State ex rel. Metropolitan Life Ins. Co. v. Hughes
Decision Date | 12 March 1941 |
Docket Number | 37326 |
Parties | State of Missouri at the relation of Metropolitan Life Insurance Company, a Corporation, Relator, v. W. C. Hughes, Wm. Dee Becker and Edward J. McCullen, Judges of the St. Louis Court of Appeals |
Court | Missouri Supreme Court |
Rehearing Denied March 12, 1941. Mandate Conformed to May 6 1941.
Record quashed.
Fordyce White, Mayne, Williams & Hartmann and Oliver & Oliver for relator;
Harry Cole Bates of counsel.
(1) The Supreme Court will, upon a writ of certiorari to a Court of Appeals, eliminate conflicts between such Court of Appeals and the latest controlling rulings of the court on the subject either as to a general principle of law announced or to a ruling under a like, analogous or similar state of facts. This court will, so far as it is possible, maintain harmony in the law of this State. State ex rel. Vulgamott v. Trimble, 300 Mo. 92, 253 S.W. 1014; State ex rel. Kroger G. & B. Co. v. Haid, 323 Mo. 9, 18 S.W.2d 478. (2) Where a plaintiff recovers judgment upon trial upon the merits, and that judgment is reversed outright by an appellate court, he cannot maintain another action upon the same cause of action. Ginnocchio v. Ill. Cent. Ry. Co., 264 Mo. 522; Strottman v. Railroad Co., 228 Mo. 193; Berry v. Majestic Milling Co., 304 Mo. 301. (3) "It is also well settled that a former judgment is a bar, not only as to all matters which were raised, but also as to all defenses which could have been raised." United States ex rel. v. Lufcy, 49 S.W.2d 14; State v. Bliss, 99 S.W.2d 72; Leslie v. Carter, 268 Mo. 428; Summit v. Realty & Brokerage Co., 208 Mo. 511.

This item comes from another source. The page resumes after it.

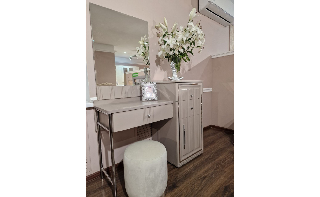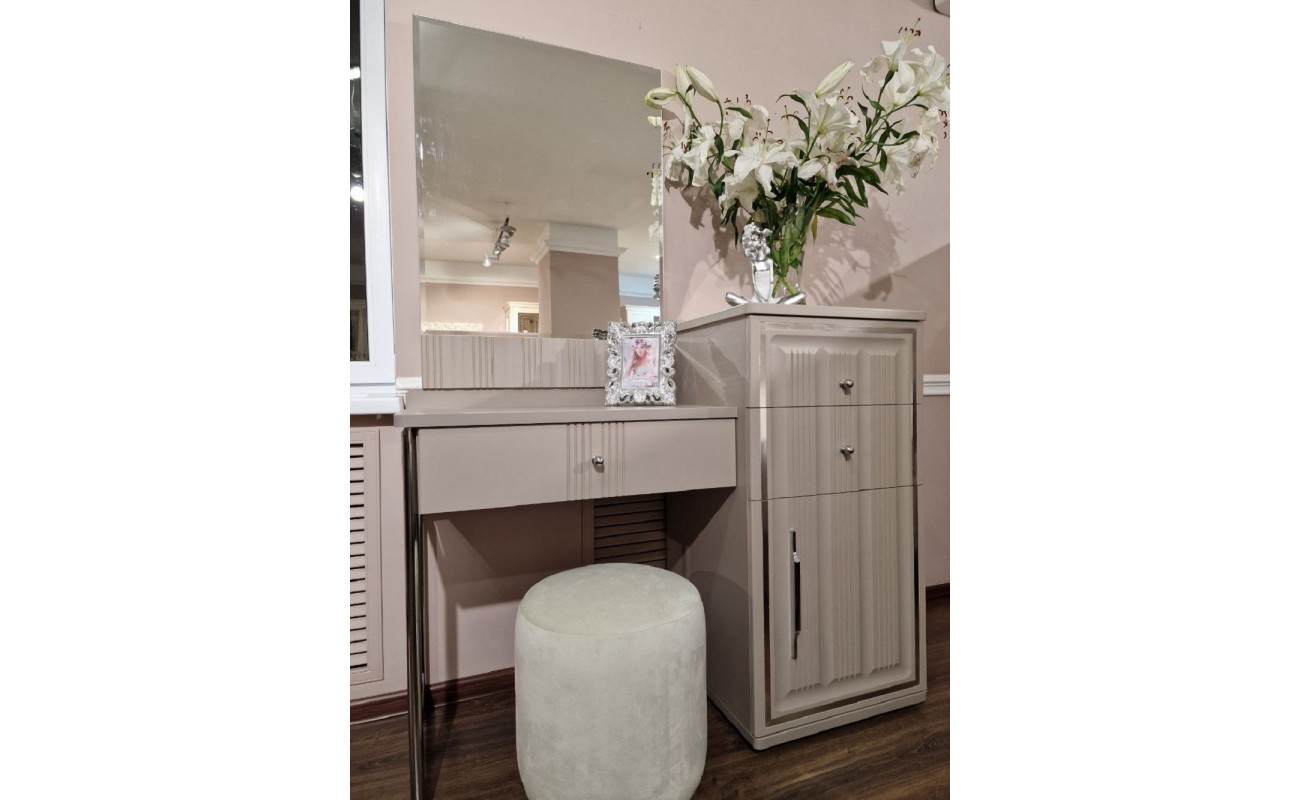 КомплектацияТуалетный стол состоит из стола и тумбы | Ширина1200 мм | Глубина500 мм |

W. A. Brookshire for respondents.
(1) The judgment of the Springfield Court of Appeals, which reversed the judgment in favor of Charles F. Adams, for the reason that notice and due proof had not been furnished the relator, is not a bar to the present suit. It was not on the merits. 34 C. J. 777, sec. 1195; 2 Freeman on Judgments, secs. 739, 723, 725, 732; Gould v. Railroad Co., 91 U.S. 532; Hughes v. United States, 4 Wall. 232; Hoover v. King, 43 Ore. 285; Crow v. Abraham, 86 Ore. 103; Brown v. Fletcher, 182 F. 966; Moody v. Atkinson, 165 Ala. 302; Reilly v. Perkins, 6 Ariz. 190; Cooper v. McCoy, 116 Ark. 505; Armstrong v. County of Manatee, 49 Fla. 275; Callaway v. Irvin, 123 Ga. 351; Pepper v. Donnelly, 87 Ky. 262; Barr v. Poor, 28 C. C. Rep. 257; Buchanan v. Banks, 203 Pa. 601; Strottman v. Railroad, 228 Mo. 186; Lilly v. Tobein, 103 Mo. 477; Baldwin v. Davidson, 139 Mo. 126; Short v. Taylor, 137 Mo. 527; Couch v. Harp, 201 Mo. 464. (2) Due proof as required by the contract of insurance was furnished the relator when at its home office in New York City the first petition filed in this case, to-wit, on or about the 5th day of March, 1932. Adams v. Met. Life Ins. Co., 74 S.W.2d 899; Wollenberg v. Equitable Life Assur. Society, 96 S.W.2d 57.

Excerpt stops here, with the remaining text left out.